Recorded information ->
▬▬▬▬▬▬▬▬▬▬

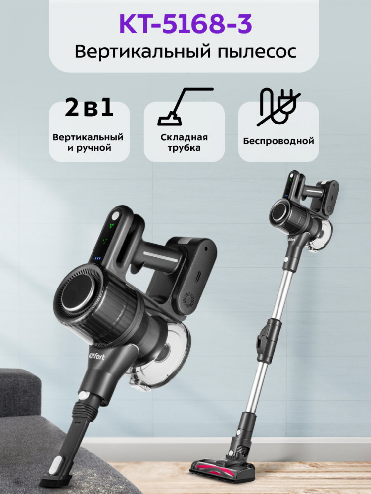 Беспроводной вертикальный пылесос КТ-5168 удобен при локальной и генеральной уборке. Он компактен, всегда под рукой и готов к работе. Утомительный процесс превращается в лёгкое и увлекательное занятие, а время уборки сокращается вдвое!
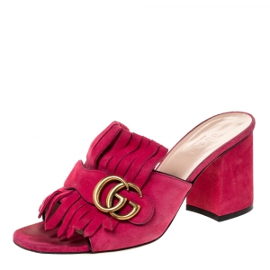Gucci Pink Suede Leather GG Marmont Fringe Detail Open Toe Sandals Size 37
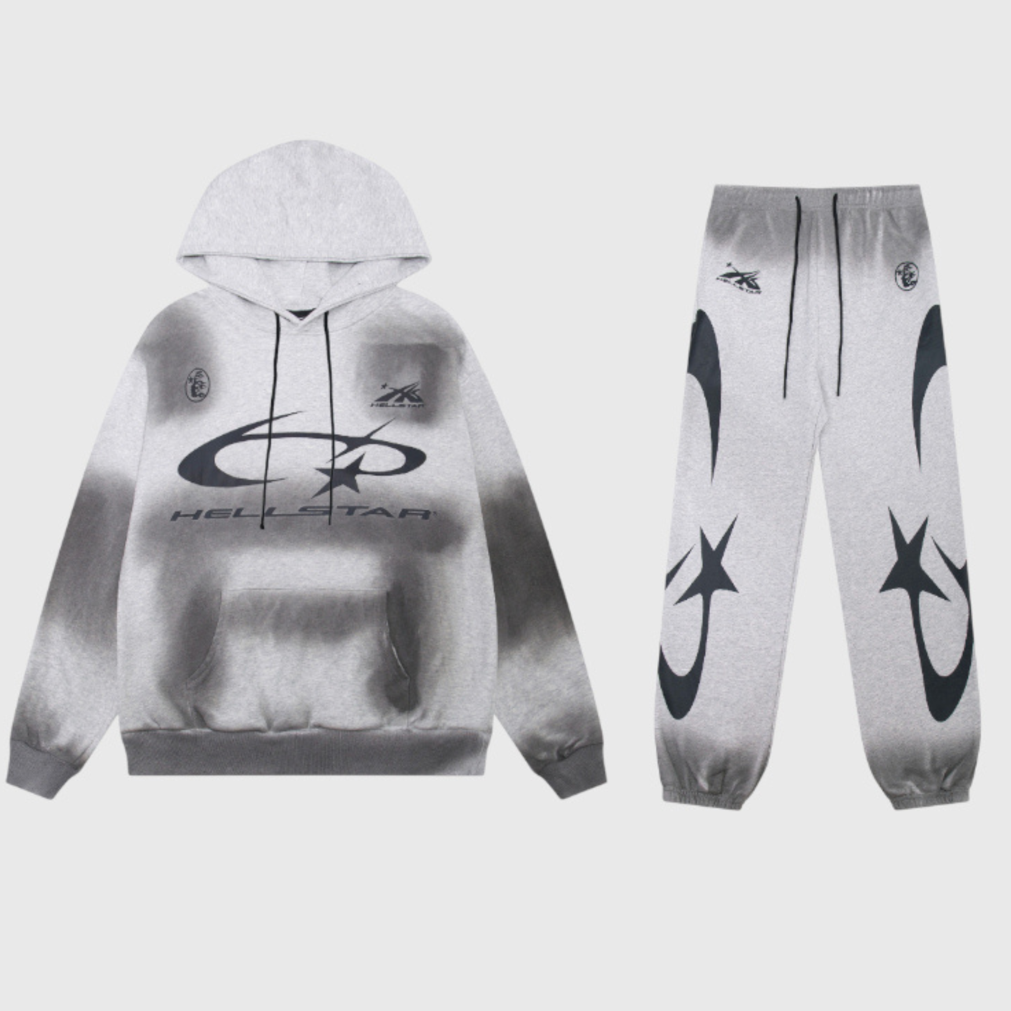 Cohesive Graphic Prints: Features matching, bold Hellstar graphic prints across both the top and bottom for a unified, statement-making look.

▬▬▬▬▬▬▬▬▬▬

What to produce -> Pictures aside, transcribe exactly the lines from the line containing "Gucci Pink Suede" through the final line of the material above.

Expected answer ->
Gucci Pink Suede Leather GG Marmont Fringe Detail Open Toe Sandals Size 37
 Cohesive Graphic Prints: Features matching, bold Hellstar graphic prints across both the top and bottom for a unified, statement-making look.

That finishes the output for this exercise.